Esse tipo específico de democracia, social/racial e não política, era derivado das formas de organização do sistema de plantação nos engenhos, de maneira a potencializar o contato e a miscigenação. Sempre segundo Freyre, a democracia nessas situações não necessitaria de parâmetros formais e institucionais, mas estaria posta de maneira orgânica na própria dinâmica social. Nesse desenho de desenvolvimento das democracias, a proposta de Freyre revelava-se contraditória e inconciliável com a democracia liberal, dado o caráter patriarcal e clientelista intrínseco às suas bases de formação.

Nesses termos, Freyre apresentou em circuito de palestras lidas no King’s College e nas três principais universidades de Portugal (Porto, Coimbra e Lisboa), em 1937, as consequências positivas do legado português no ato da colonização:

Independente de cor, de posição, de sucesso econômico; pela igualdade – tanto quanto possível – de oportunidades sociais e de cultura para os homens de origens diversas, as áreas de formação portuguesa – formação por meio de mestiçagem – constituem hoje uma antecipação ou, mais do que isso, uma apropriação daquela democracia social de que se acham distantes os povos atualmente mais avançados na prática da tantas vezes ineficiente e injusta democracia política, simplesmente política. (Freyre, 2010, p. 33)
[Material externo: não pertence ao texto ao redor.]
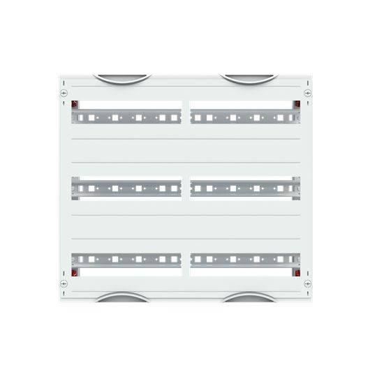 Innenausbau Modul, CombiLine, Bausatz unmontiert, für DIN Reiheneinbaugeräte, Rasteinheit 3 RE = 450 mm, Feldbreite 2 = 500 mm, 72 Platzeinheiten, Reihenabstand: 150, Ausbau mit Hutprofilschiene 35 x 15 mm mit Lochung für Drahthalter, für Einbaugeräte nach DIN 43880, Abdeckungen aus Kunststoff, 90 Grad Druck-Drehverschluss, RAL 7035, Ausführung der Abdeckung: mit Ausschnitt, einsetzbar ab einer Schranktiefe von 120 mm, EDF oder WR Montagegerüst muss separat bestellt werden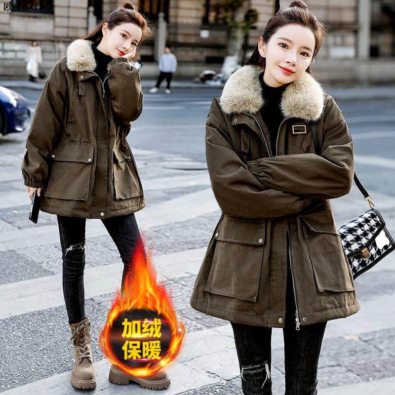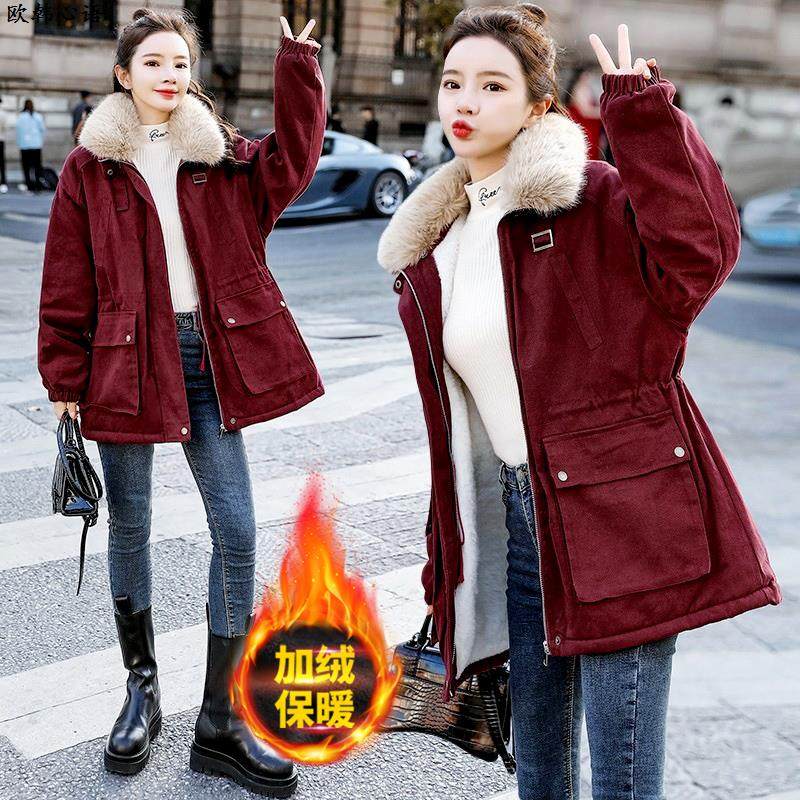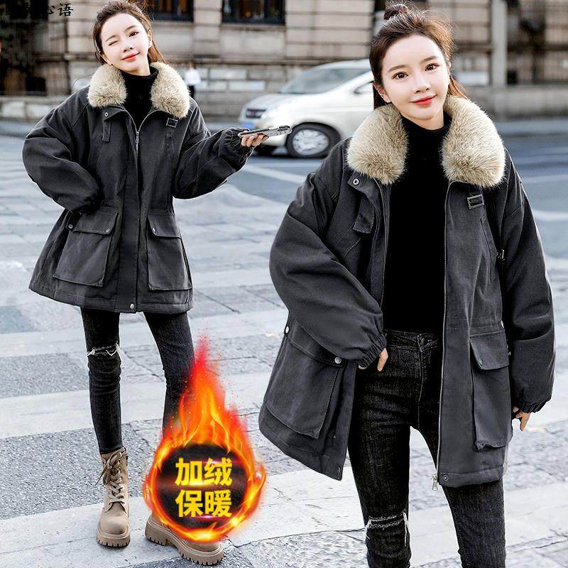 女士派克服冬季2023新款大码胖mm中长款加绒加厚棉衣棉服女款外套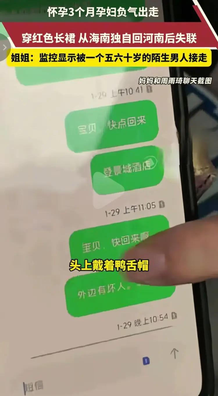怪了?女子怀孕3个月在海南旅游时和家人吵架,赌气一人回郑州,家人找不到她只好报警,警方发现,女子衣着单薄到了机场,一50岁戴鸭舌帽男子出现,她主动跟着上了车,从此消失,再无消息,奇怪的是,女子家人根本不认识那男的。 事发的时候,正是海南最舒服的季节,气温维持在二十多度,暖烘烘的。 可郑州却正是寒冬腊月,气温低到零下,这种南北气候的巨大反差,后来也成了警方排查时的一个关键细节。 女子今年26岁,从出生起就一直待在郑州,性格内向得厉害。 平时除了上班,几乎所有时间都待在家里,不喜欢社交。 甚至很少和邻居说话,更别提和陌生男子来往,还是一个比她大了二十多岁的男人。 这次去海南旅游,一开始一切都好好的,一家人说说笑笑,还拍了不少合照。 可没想到,就在旅游快要结束的前一天,因为一点小事,他们突然吵了起来,谁都没控制住脾气。 吵架之后,不管家人怎么劝,怎么道歉,她都不肯开口。 家人以为,她只是一时赌气,等气消了就好了。 可令人意外的是,女子竟然趁着家人不注意,偷偷收拾了简单的行李,一个人离开了酒店,买了回郑州的机票。 手机也放在床头,没有带走,显然是故意不想让家人联系到她。 警方的监控画面显示,女子穿着一身单薄的浅色卫衣和牛仔裤,身上没有带任何厚重的衣物。 根据监控记录,女子是当天下午独自抵达机场的,没有同行的人,只背着一个小小的双肩包。 再加上新郑国际机场每天的客流量极大,监控录像数量繁多。 警方抽调了多名工作人员,24小时连轴转,一点点梳理,不断寻找女子的踪迹。 恰在此时,一位神秘男子的现身,瞬间令整件事情变得错综复杂、扑朔迷离起来。 监控画面里的男子,大约50岁左右,他没有四处张望,而是径直走到了女子面前,停下了脚步。 让人感到反常的是,女子看到这个陌生男子的时候,没有丝毫的警惕和害怕,也没有询问对方是谁,反而像是早就认识他一样。 两人说了几句话,女子听完之后,点了点头,主动跟着男子,朝着机场停车场的方向走去。 警方根据监控里的车牌号,立刻展开了排查。 可让人没想到的是,这辆车的车牌号是伪造的,根本查不到任何有效的车主信息。 显然是男子早就做好了准备,刻意隐藏了自己的身份。 女子的家人得知这一消息后,彻底崩溃了。 女子的妈妈反复跟警方强调,女儿性格内向,社交圈极其简单,不可能认识一个50岁左右的陌生男子,更不可能主动跟着上车。 警方也觉得这件事十分反常,因为男子刻意伪造车牌号,帽檐压得很低,隐藏自己的身份,显然是有备而来。 可几天过去了,没有任何人打来电话,也没有任何关于女子的消息。 他们找了一遍又一遍,依旧一无所获,眼里的希望,一点点变成了绝望。 这件事在网上曝光后,迅速引发了网友的热议,大家纷纷猜测女子的去向,还有那个神秘男子的身份。 网友们还发现了很多细节上的矛盾点,比如她离开的时候,直接啥也没带,显然不像是有预谋的出走。 再比如,她衣着单薄,根本不适应郑州的严寒,不可能长时间在外停留。 直到现在,这件事依旧没有任何进展。 女子已经失踪了很多天,没有任何消息,没有人知道她现在在哪里,过得好不好。 这位年轻女子,一夜之间突然消失,未留下丝毫踪迹。 只留下了诸多未解之谜,也让家人陷入了痛苦忧思之中。 临近年关,一家人忙忙碌碌之中发生点口角很正常,再有冲突也总能说开。 但是一定不要头脑一热就赌气和家人失联,很容易产生无法挽回的后果。 也希望这位女子能够平平安安,早日与家人团聚,一家人高高兴兴地过个好年。 信源:济报鲁中2026-02-05郑州一孕妇海南负气出走 返机被50岁陌生男子接走失联 更多细节曝光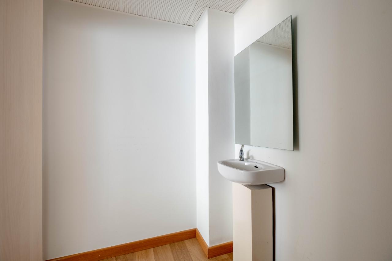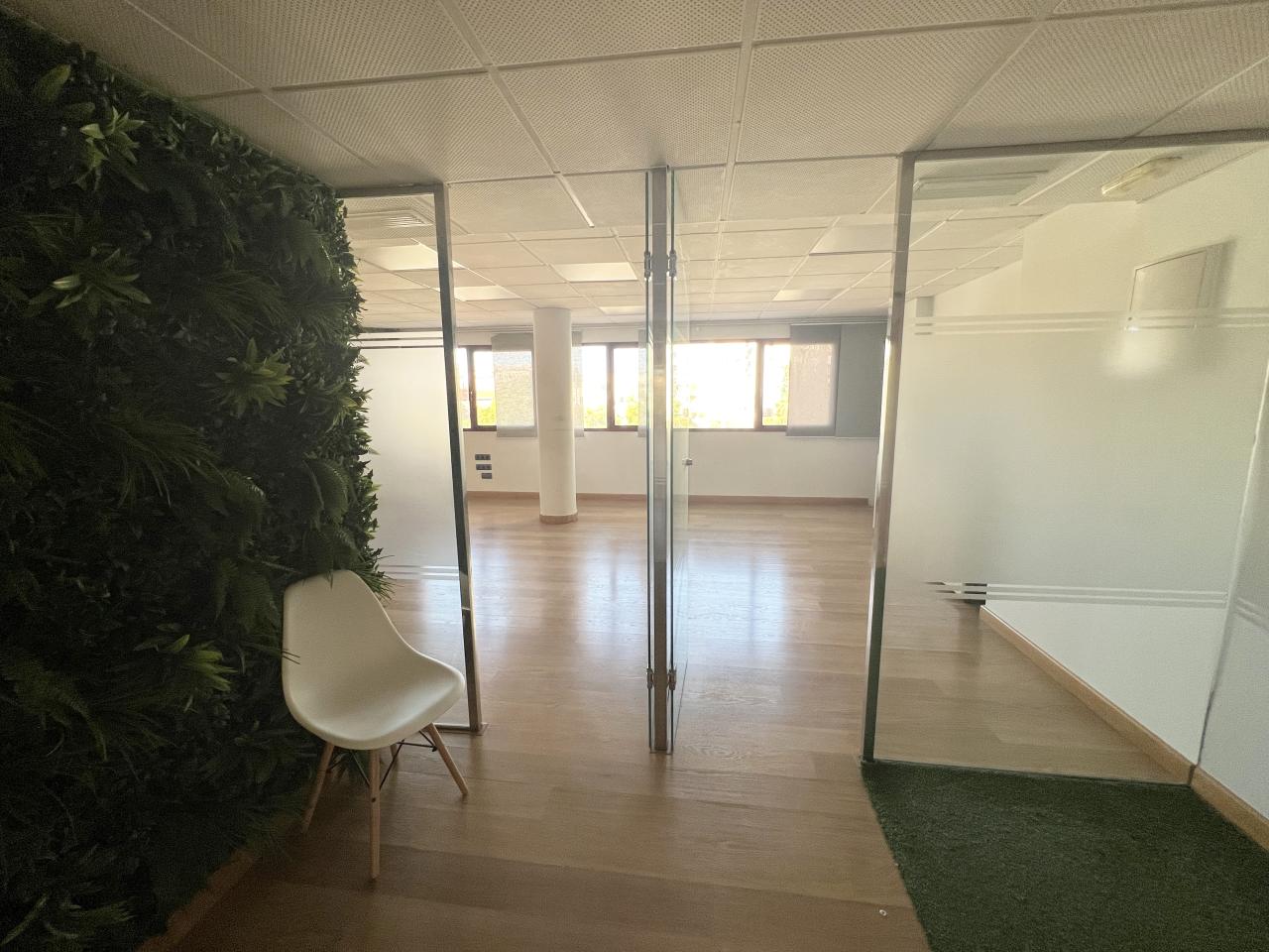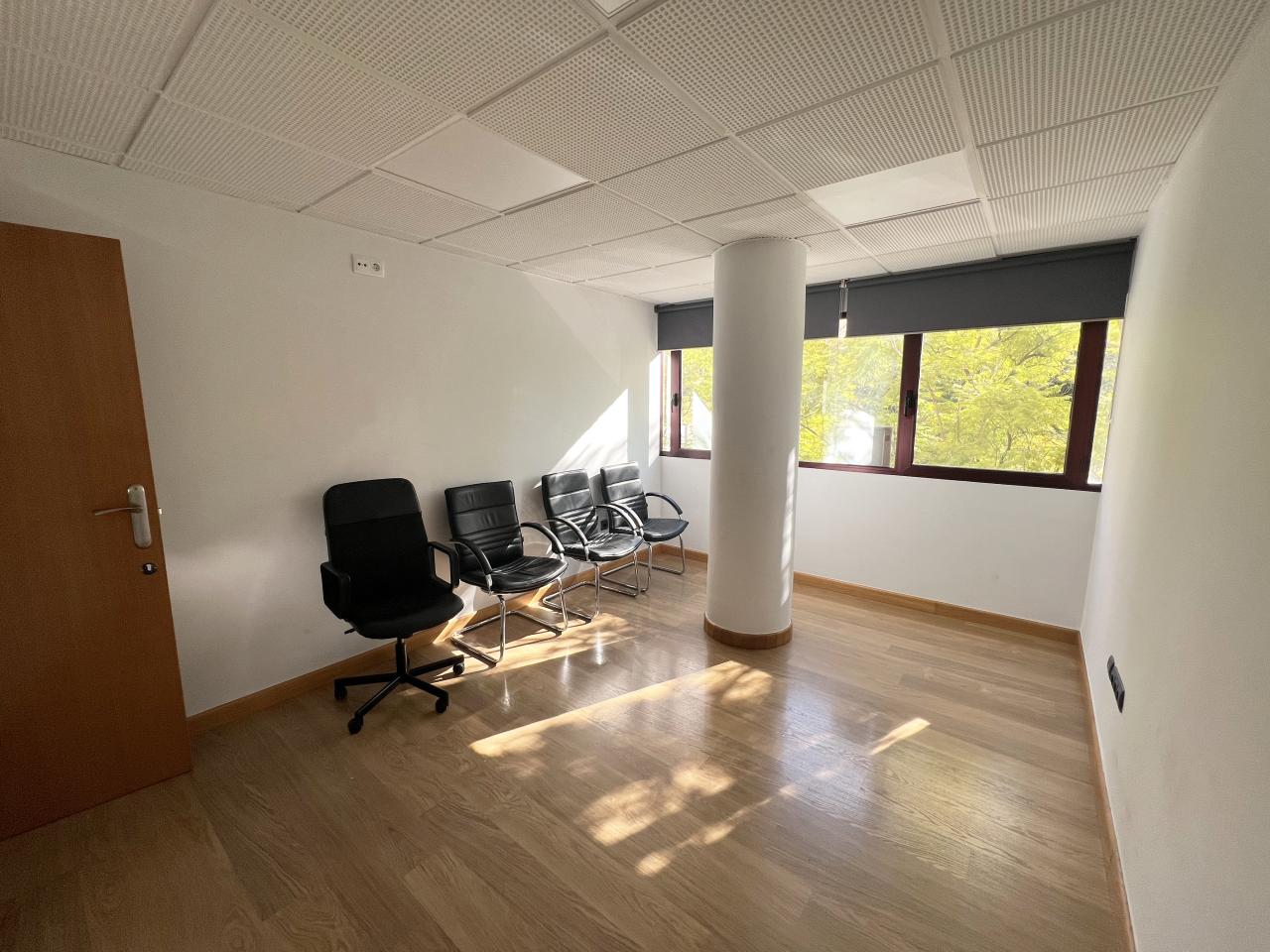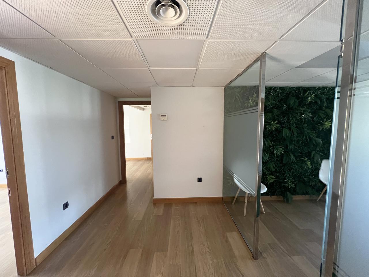 La oficina se organiza de forma funcional y muy versátil, comenzando por una cómoda zona de recepción que articula el espacio y aporta una imagen profesional desde el primer momento. A partir de ella se distribuyen cinco salas amplias y muy bien proporcionadas, todas con luz natural, que permiten múltiples configuraciones según las necesidades del usuario: despachos independientes, puestos de trabajo compartidos, salas de reuniones, gabinetes profesionales o espacios polivalentes.

Vale destacar dois pontos externos ao trecho: 1) este foi lido em Portugal por Manuel Múrias, então diretor do Arquivo Histórico Colonial de Lisboa, e integralista de segunda geração; 2) no ano de leitura do texto original, o Estado Novo salazarista já estava em curso. Apesar de não gozar de simpatia imediata do salazarismo, o lusotropicalismo acomodava, como algo natural e típico, o baixo índice de instrução formal, alfabetização e capacitação do indivíduo para a política. Tal discurso, posterior à Segunda Guerra Mundial, foi um dos recursos lançados por Salazar para legitimar a integridade do império português.

Dentro das categorias propostas por Bobbio (1997, p. 74), Freyre comportava-se como um ideólogo. Com o intuito de acomodar o consenso entre as partes, ou seja, o império português, que apresentava entre outros serviços a instrução escolar com índices negativos, e os nativos das colônias, afetados diretamente por tal deficiência, Freyre afirmava a oralidade como elemento formador da civilização lusotropical. O sociólogo pernambucano inclinava-se a ler a realidade perversa de exclusão e analfabetismo através das lentes dos princípios de respeito aos traços que identificavam formas típicas de transmissão de conhecimentos.

Ao longo da faixa lusotropical, tais sociedades não se adaptavam, segundo Freyre, à objetividade e às técnicas de alfabetização, pois transmitiam seus conhecimentos e tradições vitais através de um reservatório de imaginação, vivo e dinâmico, a partir da oralidade (Pallares-Burke, 2005, p. 238-239). Assim, para Freyre, a instrução básica formal não era elemento necessário para o ingresso à cidadania, visto que essa não estaria associada ao elemento político, mas sim às formas de identidade, relacionamento, contato social e sexual entre os povos inscritos no lusotropicalismo. Portanto,

na verdade, ler e escrever são meios de comunicação muito úteis para civilizações industriais e para formas políticas de organização democrática. [...]. Em países como a China, a Índia, o México e o Brasil, as massas não têm hoje, provavelmente, a mesma necessidade de saber ler e escrever, como meios de se modernizarem, que tiveram as massas na Europa Ocidental e nos Estados Unidos durante o século XIX, e mesmo a Rússia soviética no começo desse século. (Freyre, 1971, p. 48; Freyre, 2001, p. 88-89)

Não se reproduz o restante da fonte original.